Start of Given material
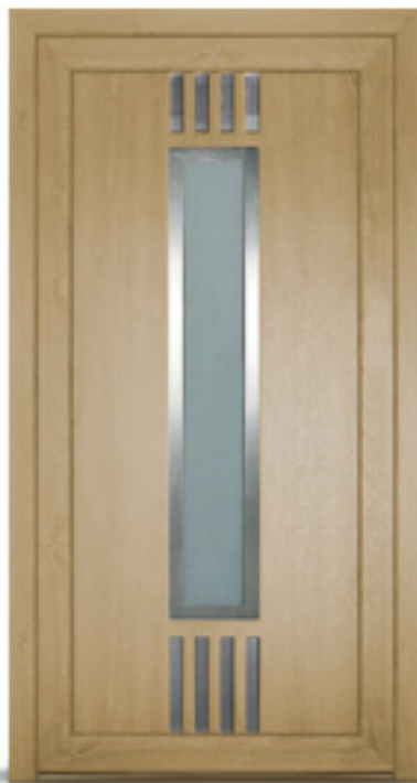
Model: Solar 826 Seria: Adeco
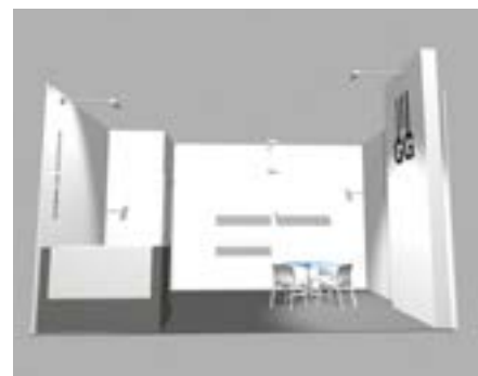
Stand 15 m 2
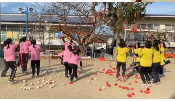
あまひスポーツフェスティバル スポーツの結果がクイズになっていました
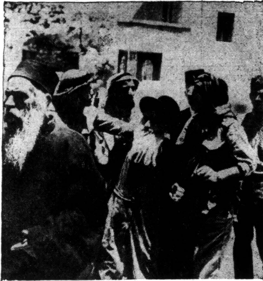
Jeruzalės miesto senoj daly gyveną žydai pasijuto bejėgiai, arabų apsupti. Naujoj miesto daly žydai dar kovoja.
End of Given material
- Instructions for the task: Type out the data above once more, exactly, with no images included.

- Response for this exercise:
Model: Solar 826 Seria: Adeco
Stand 15 m 2
あまひスポーツフェスティバル スポーツの結果がクイズになっていました
Jeruzalės miesto senoj daly gyveną žydai pasijuto bejėgiai, arabų apsupti. Naujoj miesto daly žydai dar kovoja.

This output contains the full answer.